06/04/25
A Polícia Federal aponta que o deputado federal Gustavo Gayer (PL-GO) utilizou recursos públicos destinados ao seu gabinete parlamentar para manter, em Goiânia, uma escola de inglês e uma loja de camisetas e acessórios de viés bolsonarista. Os dois empreendimentos funcionavam em um imóvel alugado com verba da Câmara dos Deputados e que deveria abrigar apenas um escritório político. O caso é investigado no âmbito da Operação Discalculia, deflagrada em outubro de 2024, que mira Gayer e seus assessores mais próximos.
Segundo a PF, o imóvel — cujo aluguel mensal de R$ 6,5 mil é pago com cota parlamentar — abrigava a escola e a loja, batizada de Desfazueli, registrada em nome do filho do deputado, mas que seria uma continuação das atividades antes exercidas sob a marca Bolsonarius. Além do aluguel, a Polícia Federal sustenta que funcionários pagos com recursos públicos atuavam nos empreendimentos particulares, o que configura desvio de finalidade.
“O parlamentar acaba por desequilibrar o ambiente concorrencial do setor, ante a matemática e objetiva posição de vantagem que se colocou”, anota a PF no inquérito, ressaltando que os custos com água, energia, internet e tributos estavam sendo absorvidos pela estrutura pública, em benefício de uma atividade privada.
De acordo com os investigadores, Gayer exercia papel ativo na operação das empresas. “Tinha postura de comando frente ao empreendimento, orientando a equipe e monitorando o desempenho das vendas, demonstrando um compromisso com o sucesso do negócio”, apontam os documentos. Em uma das mensagens interceptadas, Gayer orienta que camisetas e adesivos sejam levados para a escola.
A operação que investiga o caso foi batizada de Discalculia, em alusão a um erro de registro em uma organização social vinculada ao deputado, que constava com um quadro societário composto por crianças de 1 a 9 anos — indício de falsificação documental. O nome é uma ironia ao transtorno de aprendizagem ligado à dificuldade com números.
A PF afirma que Gayer é o “autor intelectual” de um esquema de desvio de recursos da cota parlamentar, inclusive por meio da criação dessa organização social com dados forjados.
Conversas encontradas no celular de João Paulo de Sousa Cavalcante, assessor de Gayer, reforçam a tese da Polícia Federal. Em diálogo com Marco Aurélio Nascimento, secretário parlamentar, João Paulo admite que “a escola está sendo paga com recurso público e tá sendo usada para um fim totalmente que tipo num existe né, num tem como ser assim”.

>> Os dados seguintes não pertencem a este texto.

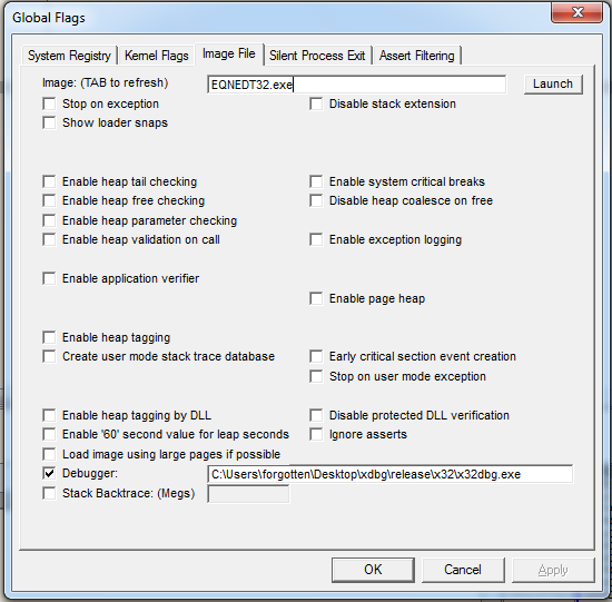 Image File 탭에서 EQNEDT32.exe라는 이름으로 프로세스가 실행되면 해당 경로의 디버거가 실행될 수 있도록

O assessor chega a demonstrar preocupação com a repercussão do caso: “Vai ser igual o caso daquela mulher do Popular na Assembleia... senhora, senhora, senhora. Num tem jeito vei o povo vai pra cima mesmo”, afirmou, em referência ao famoso meme criado em 2015, quando uma servidora pública foi flagrada saindo do trabalho após bater ponto, e fugiu da reportagem da TV Anhanguera.
Em outro trecho, João Paulo reconhece a fragilidade da situação do chefe: “O Gustavo hoje ele é uma vidraça, ele é um alvo, e se for pra cima moço, infelizmente a gente tá errando né. A gente tá pregando uma coisa e tá vivendo outra”.
João Paulo foi preso por suspeita de envolvimento nos atos antidemocráticos de 8 de janeiro e é investigado por usar uma empresa de marketing para ocultar sua atuação como assessor parlamentar de fato, driblando vedações legais. Segundo a PF, ele recebeu R$ 24 mil em três parcelas de R$ 8 mil por meio da empresa, ao mesmo tempo em que gerenciava a agenda do deputado, contrariando os termos dos contratos firmados com a Câmara.
Nas redes sociais, Gustavo Gayer afirmou que a operação da PF teve motivações políticas. “Vieram na minha casa, levaram meu celular, meu HD. Essa democracia relativa está custando caro”, declarou. Segundo ele, a ação teve como objetivo interferir no processo eleitoral em Goiânia. “Foi feita dois dias antes do segundo turno da eleição, da qual meu candidato participa. Isso visa claramente prejudicá-lo”, disse.